Saat pertama menginjakkan kaki pertama kali di Surabaya (Jawa Timur), perasaan kagum akan bangunan yang tinggi-tinggi, keindahan taman, dan jalan aspal yang mulus sulit diutarakan dengan jelas. Intinya secara subjektif saya katakan sangat bagus. Entah bagi yang lainnya. Hal yang paling sayang kagum adalah hampir tidak terlihat tanah. Tanah hanya ada di taman, tapi sepanjang jalan umum, gang/lorong, halaman rumah itu disemen, pasang paving blok, atau diaspal. Hampir sebagian tanah sudah tertutup.
            Hari ini merupakan kali kedua saya merasakan akibatnya selama kurang lebih 6 bulan tinggal di Surabaya. Dampaknya adalah banjirrrr..... Memang, masih banyak faktor lain yang bisa menyebabkan banjir. Saya pikir salah satunya karena tidak ada lagi tanah terbuka, tempat air meresap. Dasar saya berpikir seperti itu karena terinngat akan pelajaran Ilmu Pengetahuan Alam saat SD dulu, dimana air akan diserap ke dalam tanah dengan bantuan akar-akar tumbuhan. Tapi, kalau kondisi seperti tadi, butuh waktu yang lama air akan meresap. Mudah-mudahan ilmu yang sederhana ini bisa dijadikan bahan pertimbangan untuk daerah yang masih normal, biar membangun dengan bijaksana.

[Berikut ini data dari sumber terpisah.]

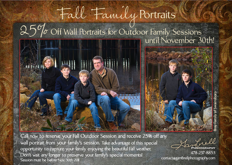 Call now to reserve your Fall Outdoor Session and receive 25% off any wall portrait from your family’s session.

             Kalau banjir di sungai, itu pemandangan yang biasa bagi saya setiap musing hujan datang. Tapi kalau sampai air masuk dalam rumah, itu baru luar biasa. Memang bukan hal yang baru keadaan seperti ini di Indonesia, tapi secara pribadi sebelumnya hanya lihat dalam pemberitaan TV.
Kali ini baru merasakan langsung seperti apa rasanya. Awalnya, saat air mulai masuk ke dalam rumah, saya bersama-sama teman satu kost tertawa kegirangan. Maklum, semua penghuni kost adalah anak rantauan dari luar pulau. Sama-sama baru merasakan banjir. Nano, teman sebelah kamar langsung buat kapal-kapalan dari kertas, lalu bermain. Persis perilaku saat masih kanak-kanak. Yang lain sibuk foto-foto, lalu upload di Facebook dilengkapi dengan status. Saya juga ikut mengambil gambar, hitung-hitung untuk ide buat tulisan di blog ini. Ada benarnya juga sebuah ungkapan; setiap ada musibah pasti, pasti ada hikmah yang bisa diambil.

Lama-kelamaan, air semakin tinggi. Kamar mandi ikut tergenang, sumbernya dari lubang –yang seharusnya lubang pembuangan air- malah mendatangkan air dari luar. Dan yang paling buat susah adalah, air dalam kloset juga ikut meluap. Bagaimana kalau ingin BAB/BAK ? Hmmmm.... anda bayangkan saja, semua “bahan sisa” yang hendak kita “ekspor” ke dalam bak penampungan bawah tanah, hanya bisa terapung seperti kapal selam saja. Terpaksa, keinginan untuk “buang air” ditahan dulu, biar tidak menambah volume banjir.
Kalau sudah seperti ini, ekspresi kegirangan pada awal tadi, berubah 360 derajat mejadi LOYO-litas. Pekerjaan baru sedang menunggu, yaitu menguras air hingga kering. Semakin meningkatkan LOYO-litas.

Sekian dulu teman-teman... Ini serita-ku, mana cerita-mu ? kalau ada, silahkan di-share...
Salam Sejuta Mimpi...
(Notes: istilah LOYO-litas yang saya tulis bukanlah istilah yang baku. Aslinya, hanya LOYO saja. Biar terdengar keren dan ada nuansa humor, makanya diplesetkan seperti kata “loyalitas”. Kata tersebut pertama kali saya dengar dari dosen favorit saya.)